Ray finds himself becoming a fence for stolen goods like jewellery and expensive watches and, soon enough, his business starts to thrive. His store takes on the appearance of a salon, with new, up-todate furniture on offer at competitive prices. He has an extension built. He rents an apartment on Riverside Drive.

It becomes apparent, as the story progresses, that Colson Whitehead has a particular gift for nuance, even as the events he is describing threaten to be extreme. Ray somehow retains his essential goodness, not least in his dealings with Freddie, for whom he feels an unwavering, if exasperated, affection.

They were fatherless boys together, in the bad times, finding happiness wherever they could, and that is one memory Ray can’t shake off.

Harlem Shuffle would be a different book without the presence of this hopeful, unlucky chancer, who forms a friendship with a white drop-out named Linus Van Wyck, from an excessively wealthy family with a mansion on Park Avenue. They become inseparable, and Whitehead makes it clear, without emphasis, that Linus is enamoured of Freddie and sexually attracted to him.

They are companions in blissful distress, living in poky hotel rooms. They hatch up an improbable scheme, which they nearly pull off, to avail themselves of the Van Wyck realty millions, causing Ray to face the greatest and most dangerous challenge of his compromised life.
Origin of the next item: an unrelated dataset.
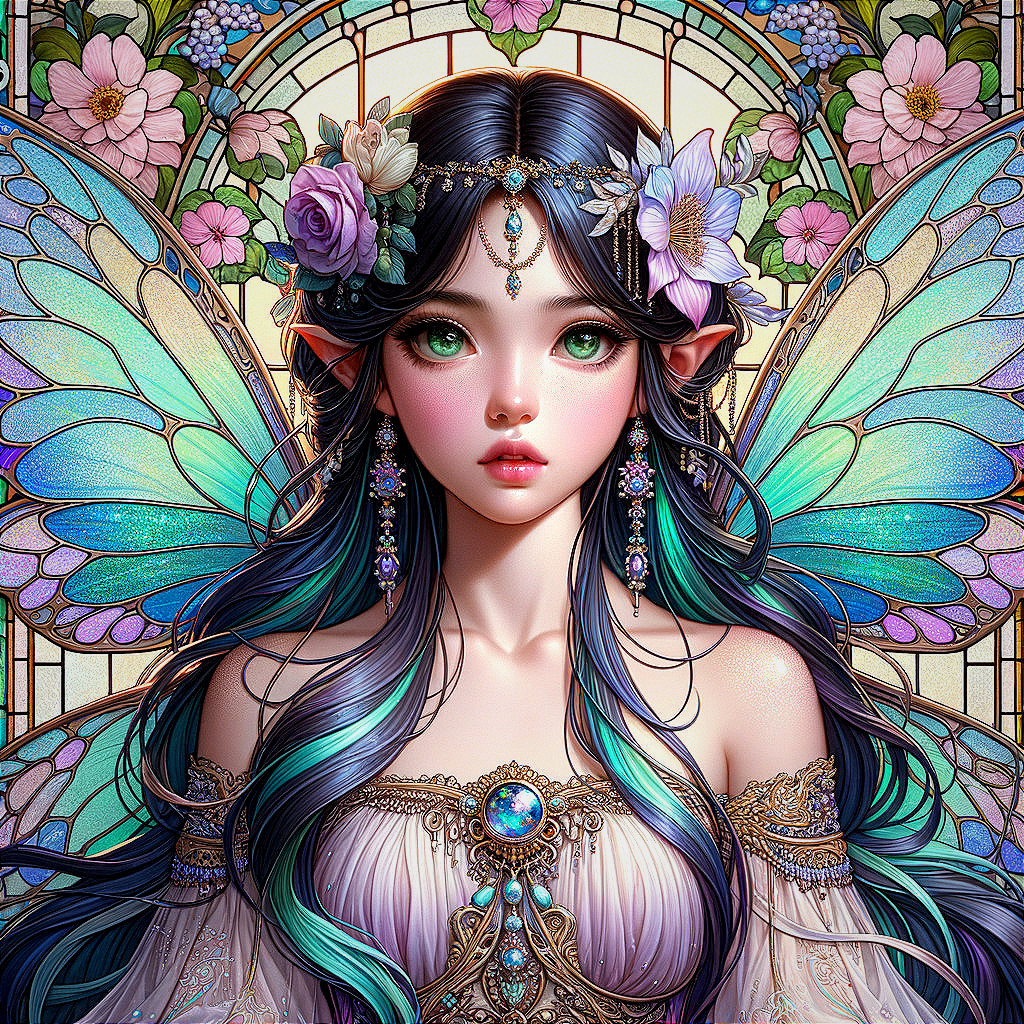 A fantastical elf with delicate features, adorned with a floral crown and intricate jewelry, against a stained-glass backdrop.
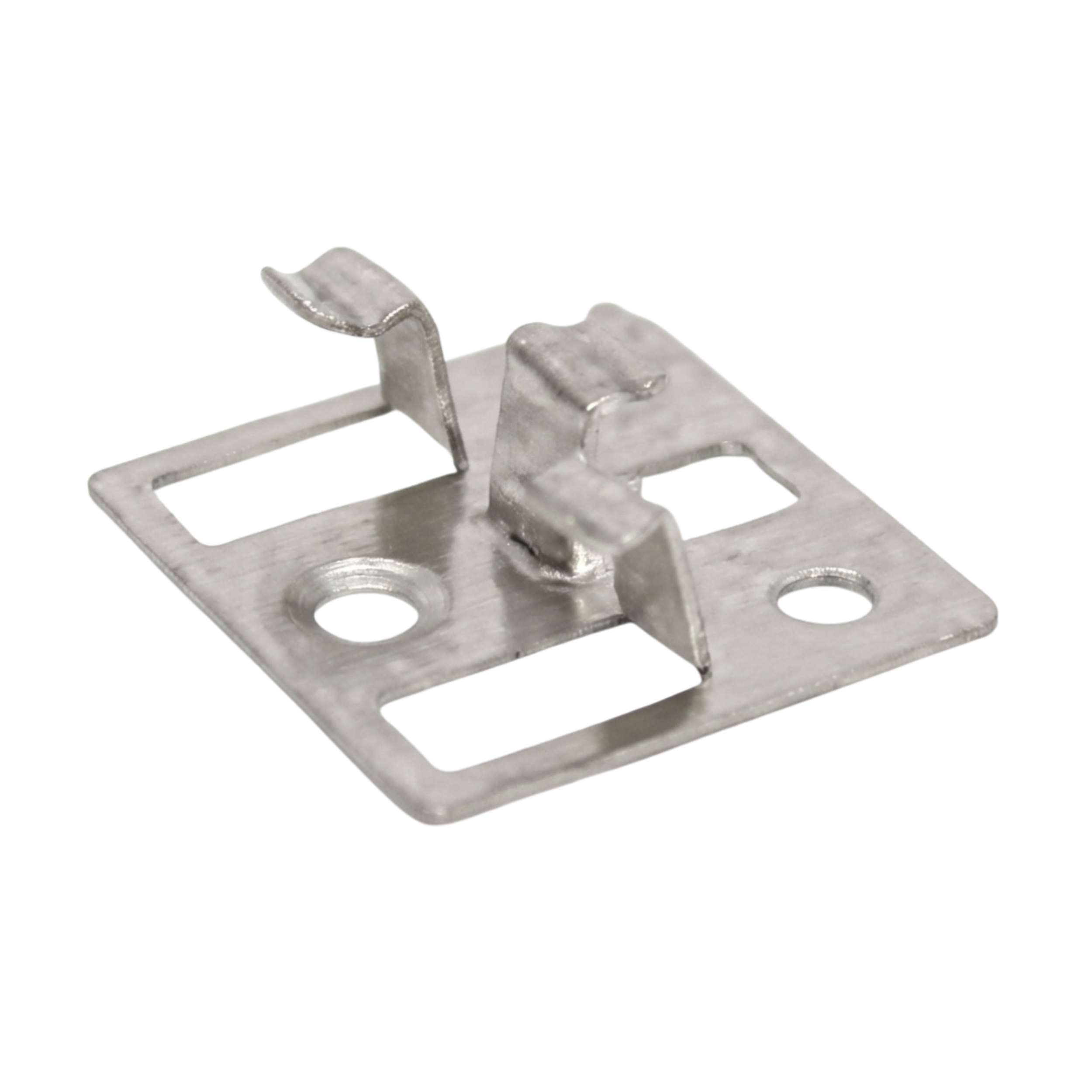 Clip de unión diseñado para fijar y separar correctamente las lamas de tarima tecnológica. Permite una instalación estable, uniforme y sin tornillería visible.

A short review can only hint at the subtle strengths of this exceptional novel, which is rich in detail of the way a section of American society lived half a century ago. Harlem Shuffle can be read on many levels. Freddie and the enigmatic strong man Pepper might almost be characters in one of the surrealist crime novels of the magisterial Chester Himes, the supreme chronicler of Harlem’s underworld.

Whitehead is never judgemental, which makes his depictions of class – that perennial blight on human affairs – absolutely convincing. Everything you wanted to know about 20th-century tastes in furnishing can be found in these pages. Elizabeth Carney works for a travel agency which tells its Negro clients which streets in which American cities it’s safe for them to walk along before a cop who is desperate for promotion arrests them for loitering with intent.

This is a historical novel with a living pulse.